__How to complete this task__. Everything from the line with "Pose de papier" to the line with "关于2024年巩固拓展脱贫攻坚成果和乡村振兴建设项目(第二批)的公示" in the listing below, both lines included, needs to be copied exactly, apart from the pictures.

__Available data__.
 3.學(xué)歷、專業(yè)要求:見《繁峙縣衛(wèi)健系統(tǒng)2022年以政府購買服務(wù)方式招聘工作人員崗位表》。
==
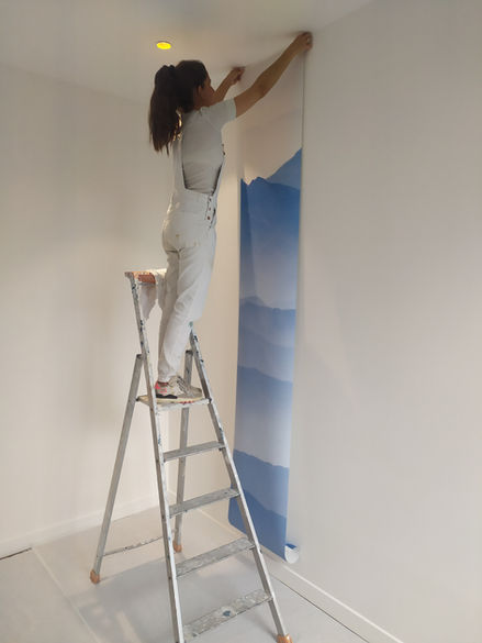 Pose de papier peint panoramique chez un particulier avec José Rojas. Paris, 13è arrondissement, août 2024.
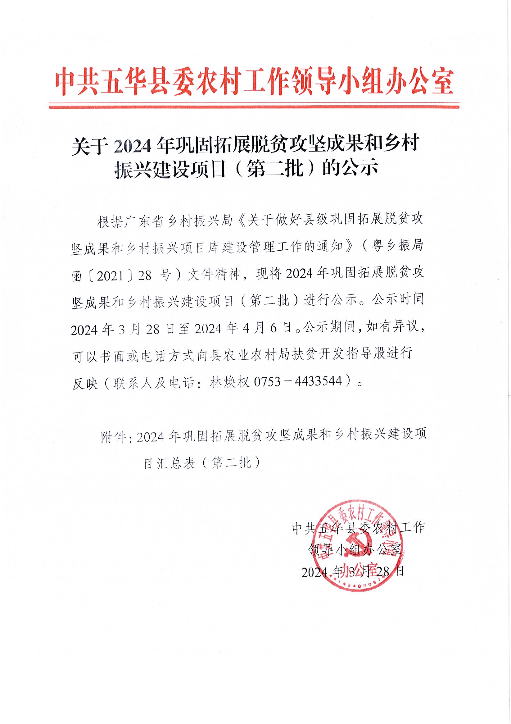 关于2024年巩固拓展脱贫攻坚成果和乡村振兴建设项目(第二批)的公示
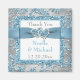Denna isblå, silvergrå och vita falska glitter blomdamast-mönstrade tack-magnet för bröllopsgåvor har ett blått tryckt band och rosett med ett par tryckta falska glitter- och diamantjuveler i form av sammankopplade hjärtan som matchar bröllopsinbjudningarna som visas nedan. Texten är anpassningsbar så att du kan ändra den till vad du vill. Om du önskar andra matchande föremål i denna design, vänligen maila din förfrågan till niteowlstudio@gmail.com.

__Answer section__.
 Pose de papier peint panoramique chez un particulier avec José Rojas. Paris, 13è arrondissement, août 2024.
 关于2024年巩固拓展脱贫攻坚成果和乡村振兴建设项目(第二批)的公示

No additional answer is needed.